Each of the following characteristics may be an indication of compulsive sexuality:
- You are unable to stop the behavior when you want to.
- The behavior is something you keep secret.
- Revealing your behavior may have negative consequences in your life.
- You use these behaviors to numb yourself from difficult feelings or to avoid responsibilities.
- Your behavior is devoid of intimacy and respect for yourself and others.
You don’t need to have your circles worked out perfectly. What is important is that you get them down on paper as soon as possible. By becoming accountable to a recovery plan, you will become more aware of what it means to be powerless over the addiction. Many of us did not know how bad it was until we set down concrete limits on our behavior. It is probably obvious to you that certain sexual behaviors belong in the inner circle. As you learn more about the program and begin to share your story, other details will become clearer. For a more in-depth explanation of circles, refer to the Three Circles pamphlet. The following is a short description:
INNER CIRCLE: These are compulsive sexual behaviors from which we choose to abstain completely. We are powerless over these behaviors, and they lead to pain and suffering. They create a drug-like state that alters our thinking. They can make us a danger to ourselves or others.
MIDDLE CIRCLE: These are behaviors that are much less destructive and much lower in intensity. They do not cause as much unmanageability in our lives. However, if practiced repeatedly, they can lead us back to the Inner Circle. Some members also use the Middle Circle to place behaviors about which they are uncertain.
OUTER CIRCLE: These are program tools and healthy alternative activities that enhance our lives, our recovery, and our spiritual connection. While the Inner Circle relates to behaviors that keep us in isolation and fantasy, the Outer Circle refers to behaviors that help keep us engaged with other people and with reality.

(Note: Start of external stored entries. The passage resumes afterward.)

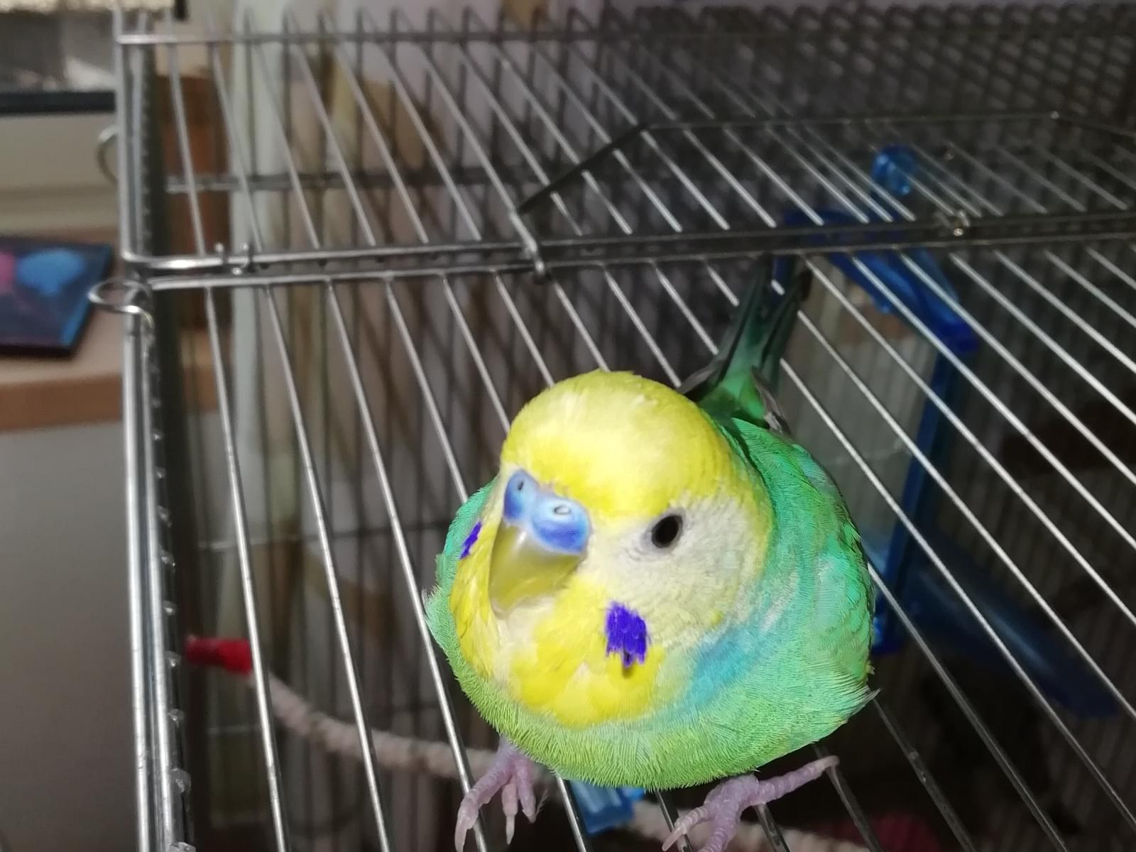 頭が黄色のレインボーの男の子です。手には乗りませんが肩にはとまります。人にはよく慣れています。おとなしい性格で、ふーちゃん、ぴーちゃん大好き、かわいい、など、おしゃべりもします。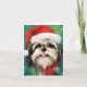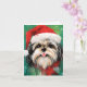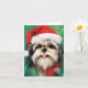Färgfull och glatt juldesign med en Shih Tzu som bär en julhatt.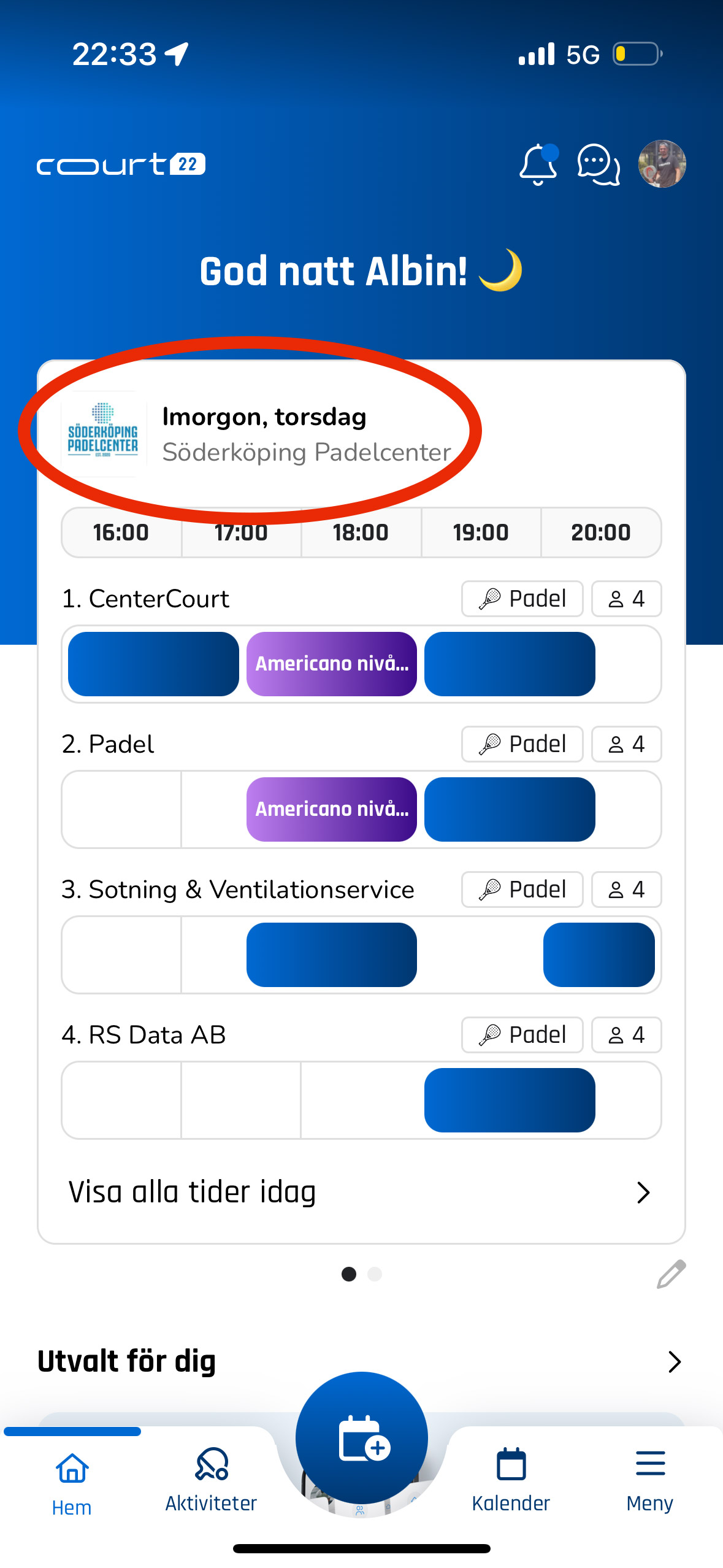 2. Klicka på Söderköping Padelcenter (Se bild)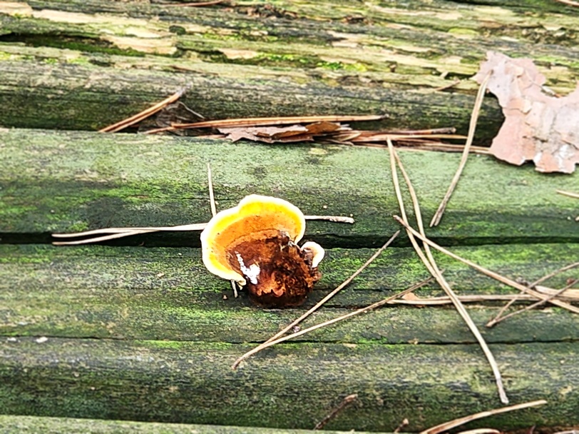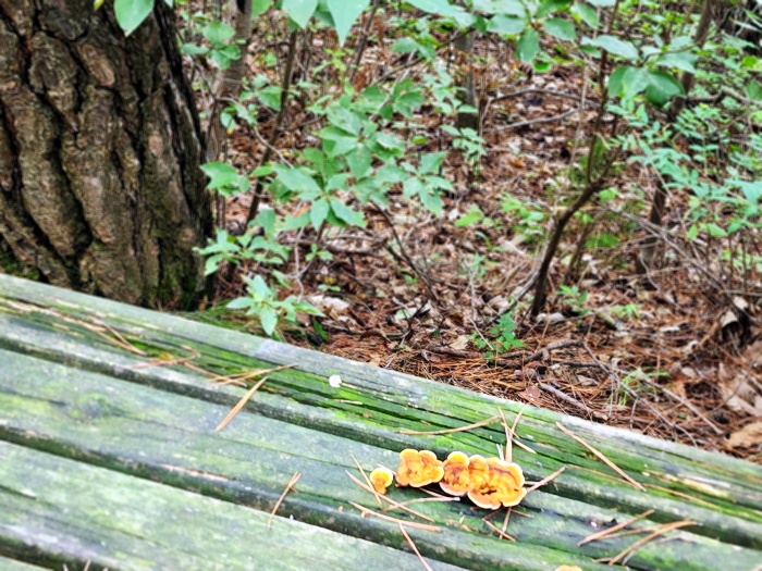 - 나무 벤치에 핀 버섯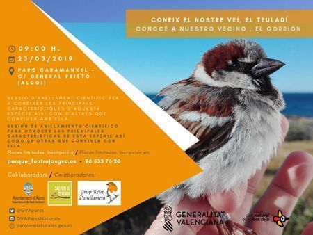 • El departament de Medi Ambient de l’Ajuntament d’Alcoi ha organitzat, junt amb la plataforma Salvem el Teuladí i el Grup Reiet d’Anellament • L’activitat tindrà lloc aquest dissabte 23 de març de matí, a les 9:00 h, al Parc Caramanxel. Cal realitzar inscripció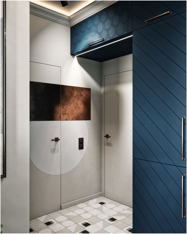 Эта квартира — место временной дислокации семьи с тремя детьми, когда они приезжают в Санкт-Петербург. Основная задача была разместить на небольшой площади основные функциональные зоны, отдельные комнаты для родителей и детей, предусмотреть спальное место для друзей. Так как в квартире не живут постоянно, заказчики были готовы к экспериментам и яркому интерьеру.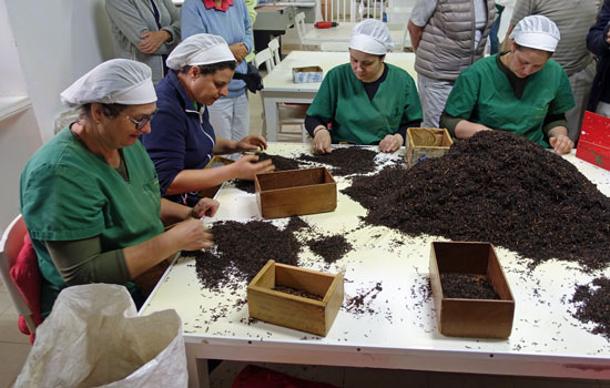 Heute Morgen ist die Internetverbindung ganz ausgefallen. Das stört uns aber wenig, denn um 9:10 Uhr starten wir zur längsten Rundfahrt nach Nordeste; 186 Tageskilometer sollen bewältigt werden. Der erste Halt ist die Teeplantage Chá Gorreana südlich von São Brás an der Nordküste. Es ist Europas einzige Teeplantage, die von 62 Teeplantagen übrig geblieben ist. Nach dem 2. Weltkrieg begann der Niedergang und nur Chá Gorreana hat überlebt. Es ist ein Familienbetrieb, der im Jahr etwa 50 Tonnen Tee produziert. Die Felder sind gut gepflegt und müssen alle 14 Tage nachgeschnitten werden. Die Besichtigung der Anlage ist wenig informativ, da man nur die Maschinen sieht, aber keine Verarbeitung. Einzig 4 Mitarbeiterinnen sitzen in einem Raum an einem Tisch und sortieren einen Berg Teeblätter. Das ist nur eine Show für den Reisebus. Danach wird die Gruppe in einen Shop weitergeleitet.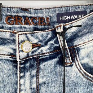NWT Grace in LA Women's High Waist Side Stripe Blue Skinny Denim Jeans Size 25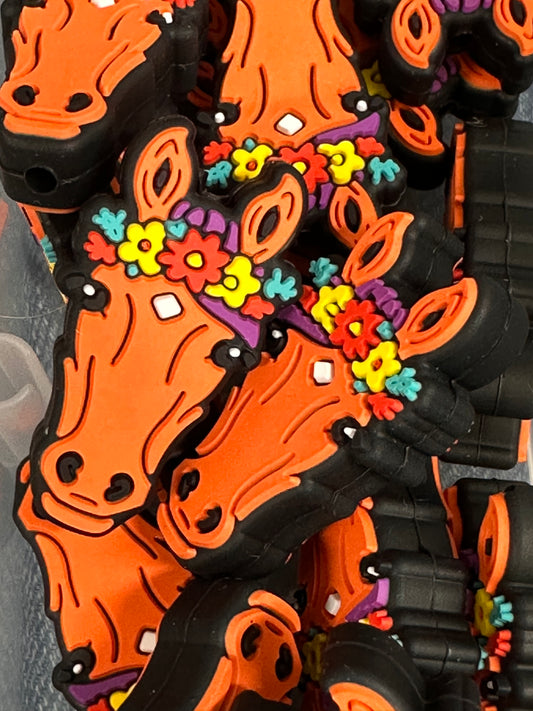 Horse/ Focal Bead/ beadable pen/ Silicone bead/ keychain bead/horseback/ flower halo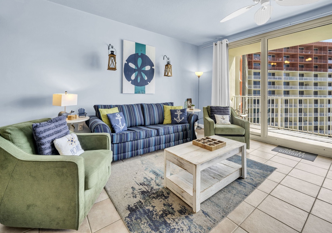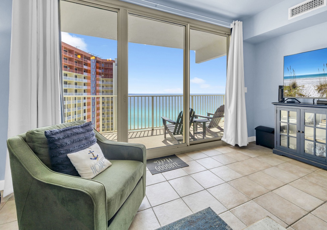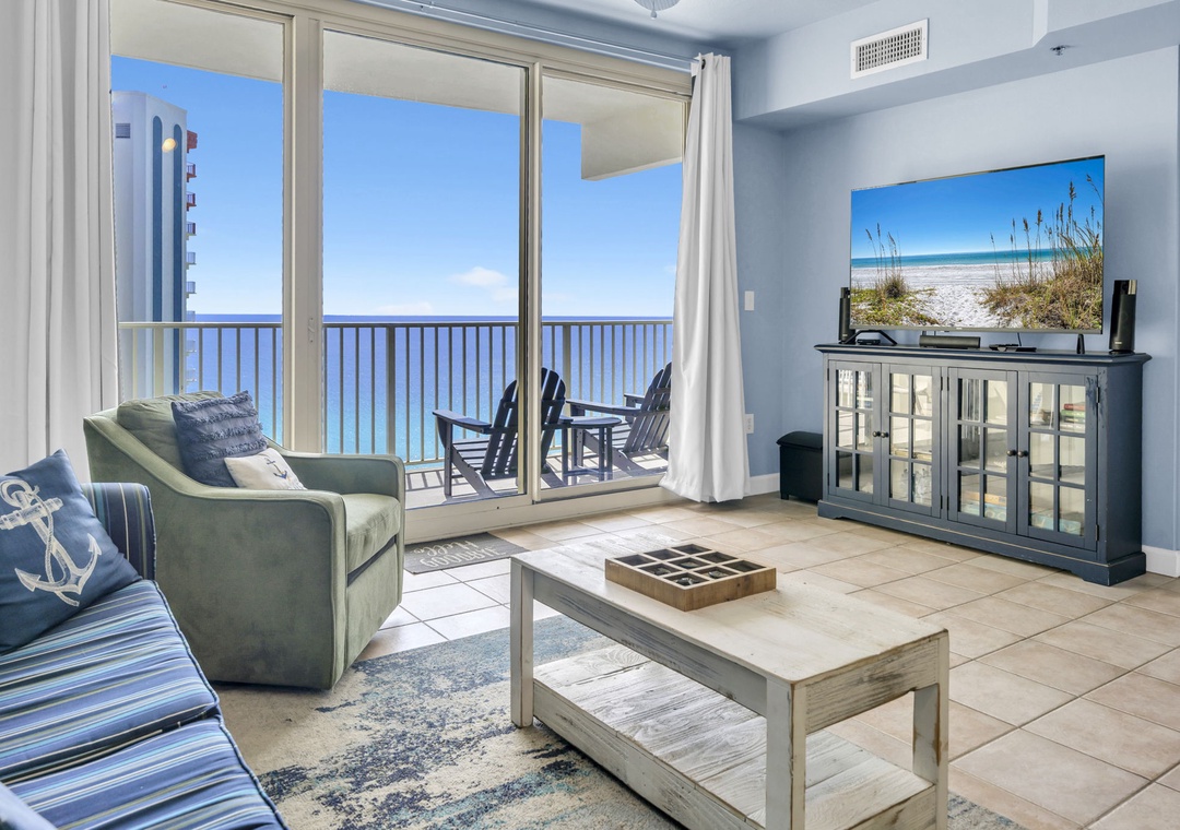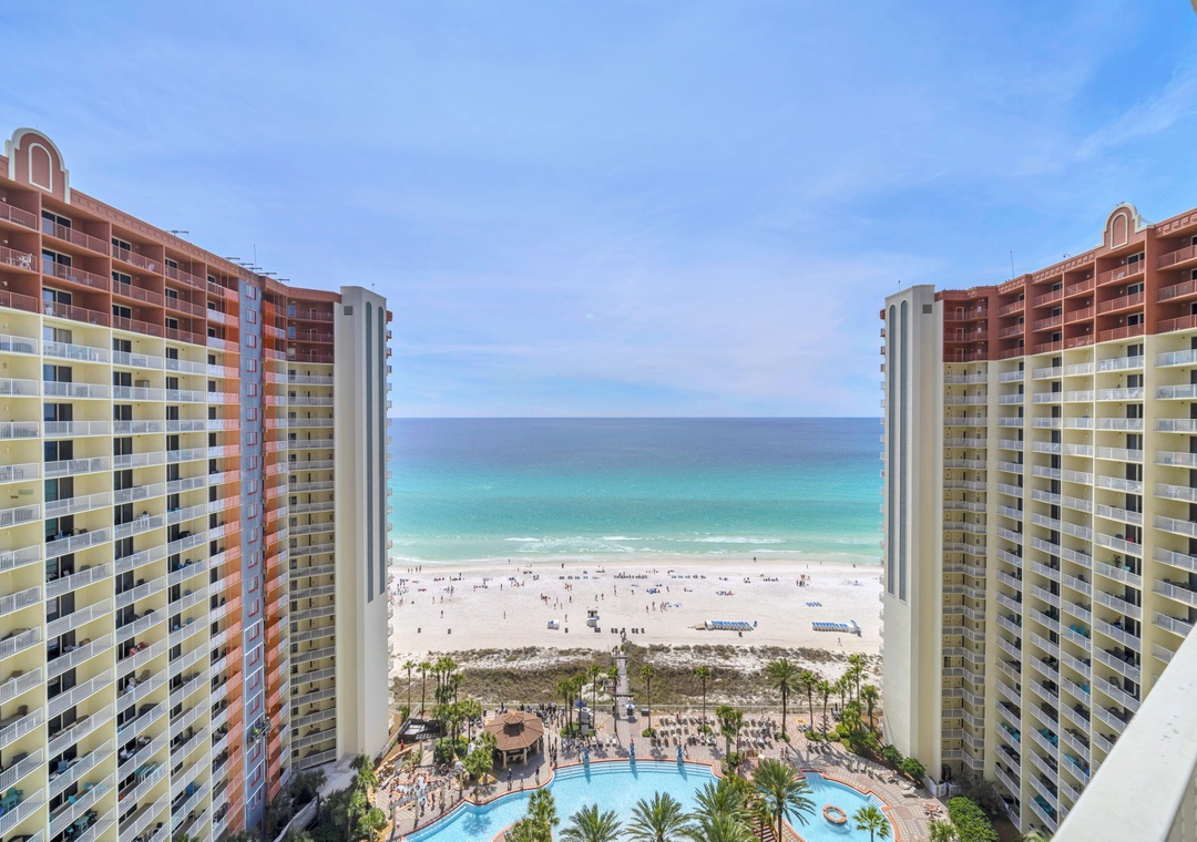Take in unobstructed Gulf and Pool Views from Shores of Panama 1816! This beautiful 2BR/2BA condo features a large balcony and a fully equipped kitchen with granite counters and water views. Recent updates include new flooring, fresh paint, new kitchen cabinetry, and bathroom vanities! The master bedroom offers a king bed, En suite bathroom, and Gulf Views out of the window. The guest bedroom has a full bed and there is a queen sleeper sofa in the living room. This unit sleeps up to 6 guests comfortably. Relax on your balcony with stunning lagoon pool and beach views or explore the extensive resort amenities at Shores of Panama. Enjoy the convenience of a private parking spot on the 7th floor right by the elevator in the parking deck. Find out why Shores of Panama 1816 is the perfect vacation destination!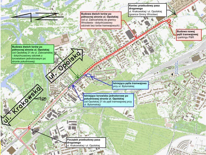 Przedmiotem zamówienia jest opracowanie dwóch wariantów koncepcji dla rozbudowy i przebudowy ulicy Krakowskiej i ulicy Opolskiej we Wrocławiu, na odcinku od węzła na skrzyżowaniu ul. Krakowskiej z al. Armii Krajowej do skrzyżowania ul. Opolskiej i ul. Łąkowej położonej w obrębie gminy Siechnice. Wariant 1 dotyczy zachowania istniejącego układu drogowego, a także rozbudowy jednotorowego odcinka linii tramwajowej do dwóch wydzielonych torów na brakującym fragmencie, od Głubczyckiej do pętli końcowej Księże Małe, wraz z dopuszczeniem ruchu autobusów na torowisku i możliwością wydłużenia wydzielonego torowiska do Krakowskiej, w przypadku możliwości terenowych.

Many find that establishing their Three Circles provides a feeling of relief. It’s like a map to help us be clear about where we have been, where we are, and where we are going. Some find it valuable to write them on a wallet-sized card and to read them each morning or to carry them with us through our day. Sharing our triumphs and struggles regarding our circles with our sponsor and in meetings helps us to stay abstinent.